+++ Supplied data +++
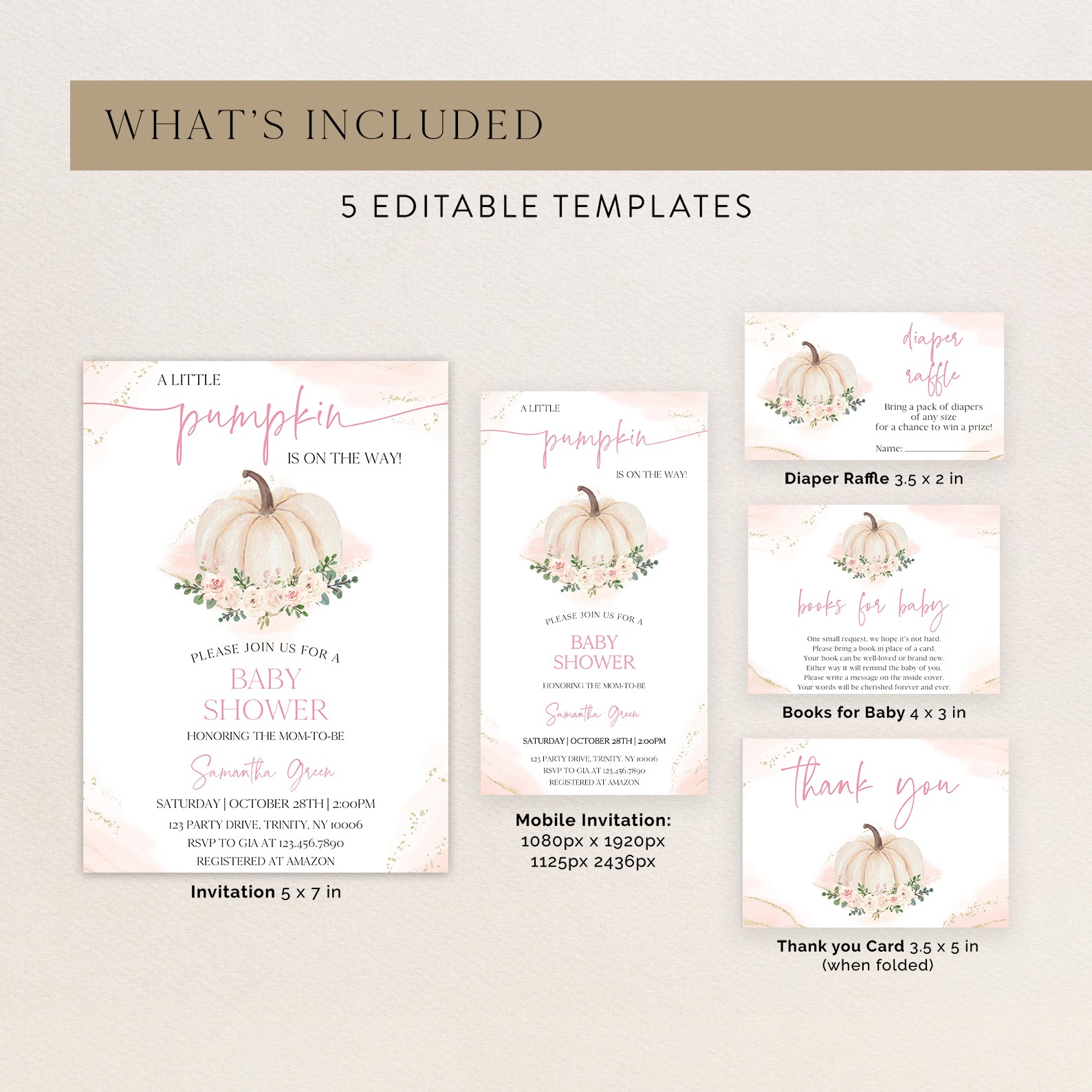 - Purchase this A Little Pumpkin Pink Fall Baby Shower Invite Bundle with Roses & Gold template
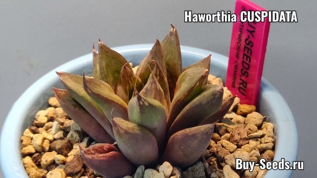Хавортия Cuspidata — это декоративное суккулентное растение из рода Хавортия. Оно имеет следующие характеристики: 1. **Форма и размер**: Хавортия Cuspidata обычно компактная, достигает высоты от 10 до 15 см, с беременными, плотными розетками. 2. **Листья**: Листья толстые, мясистые, темно-зеленого цвета, часто с характерными белыми или прозрачными, полосатыми или пятнистыми отметками. Листья имеют заостренные концы и могут быть вверх изогнуты. 3. **Цветение**: Цветет весной и летом. Цветы маленькие, трубчатые, белого или кремового цвета, образуются на длинных цветоносах. 4. **Среда обитания**: В природе предпочитает скалистые местности южной Африки, устойчив к засухе и прямым солнечным лучам, хотя лучше растет в полутени. 5. **Уход**: Не требует особого ухода, хорошо подходит для начинающих растеневодов. Рекомендуется умеренный полив и хорошая дренажная система. 6. **Размножение**: Легко размножается детками и семенами. Хавортия Cuspidata популярна среди коллекционеров суккулентов благодаря своей компактности и интересной форме. Семена суккулентов, кактусов и экзотические растения Телеграм: https://t.me/buy_seeds_ru Сайт: https://www.buy-seeds.ru/ 🌵Buy-Seeds.ru🌵
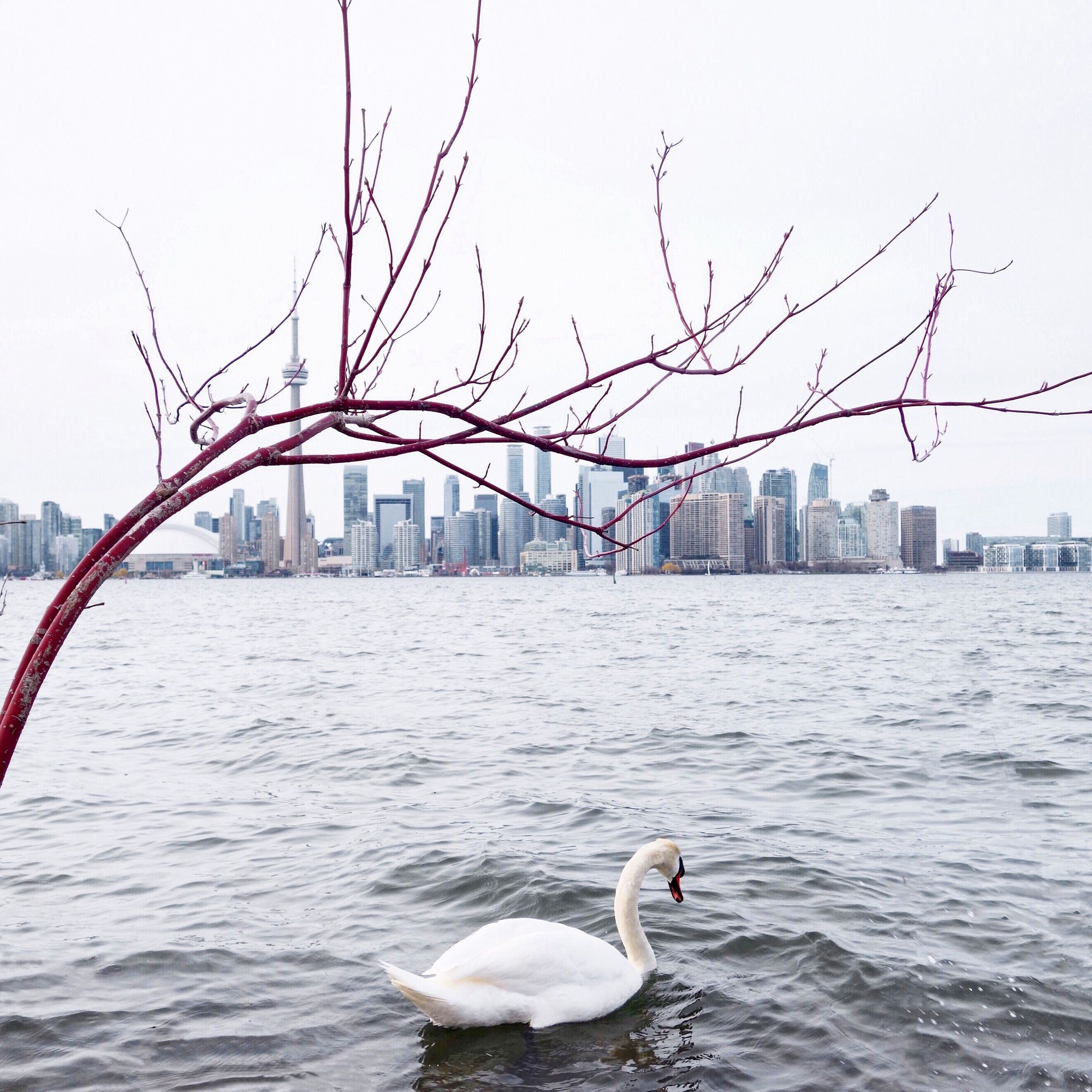 The harsh early afternoon sunlight eased into soft April greys as we made the short crossing from the city to the islands. The idea was to stay there until sunset to romance the skyline but too-light coats and our first Canadian chill had other plans. Shivering bodies and chattering teeth are not so idyllic, but the arrival of the swan gave us a fleeting fairytale moment beneath the redtwig shrub.
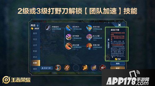开局10分钟,购买了2级或3级打野装备的英雄将获得一个新的主动技能【团队加速】:3秒内逐渐提速到100%,一共持续5秒(CD120秒)。当攻击敌方或者受到敌方英雄攻击后,加速效果消失。
+++
◆ **Problem**
Only the lines from the one with "Хавортия Cuspidata —" through the last line of the listing belong in your answer; copy them exactly and skip the pictures.

◆ **Worked solution**
Хавортия Cuspidata — это декоративное суккулентное растение из рода Хавортия. Оно имеет следующие характеристики: 1. **Форма и размер**: Хавортия Cuspidata обычно компактная, достигает высоты от 10 до 15 см, с беременными, плотными розетками. 2. **Листья**: Листья толстые, мясистые, темно-зеленого цвета, часто с характерными белыми или прозрачными, полосатыми или пятнистыми отметками. Листья имеют заостренные концы и могут быть вверх изогнуты. 3. **Цветение**: Цветет весной и летом. Цветы маленькие, трубчатые, белого или кремового цвета, образуются на длинных цветоносах. 4. **Среда обитания**: В природе предпочитает скалистые местности южной Африки, устойчив к засухе и прямым солнечным лучам, хотя лучше растет в полутени. 5. **Уход**: Не требует особого ухода, хорошо подходит для начинающих растеневодов. Рекомендуется умеренный полив и хорошая дренажная система. 6. **Размножение**: Легко размножается детками и семенами. Хавортия Cuspidata популярна среди коллекционеров суккулентов благодаря своей компактности и интересной форме. Семена суккулентов, кактусов и экзотические растения Телеграм: https://t.me/buy_seeds_ru Сайт: https://www.buy-seeds.ru/ 🌵Buy-Seeds.ru🌵
 The harsh early afternoon sunlight eased into soft April greys as we made the short crossing from the city to the islands. The idea was to stay there until sunset to romance the skyline but too-light coats and our first Canadian chill had other plans. Shivering bodies and chattering teeth are not so idyllic, but the arrival of the swan gave us a fleeting fairytale moment beneath the redtwig shrub.
开局10分钟,购买了2级或3级打野装备的英雄将获得一个新的主动技能【团队加速】:3秒内逐渐提速到100%,一共持续5秒(CD120秒)。当攻击敌方或者受到敌方英雄攻击后,加速效果消失。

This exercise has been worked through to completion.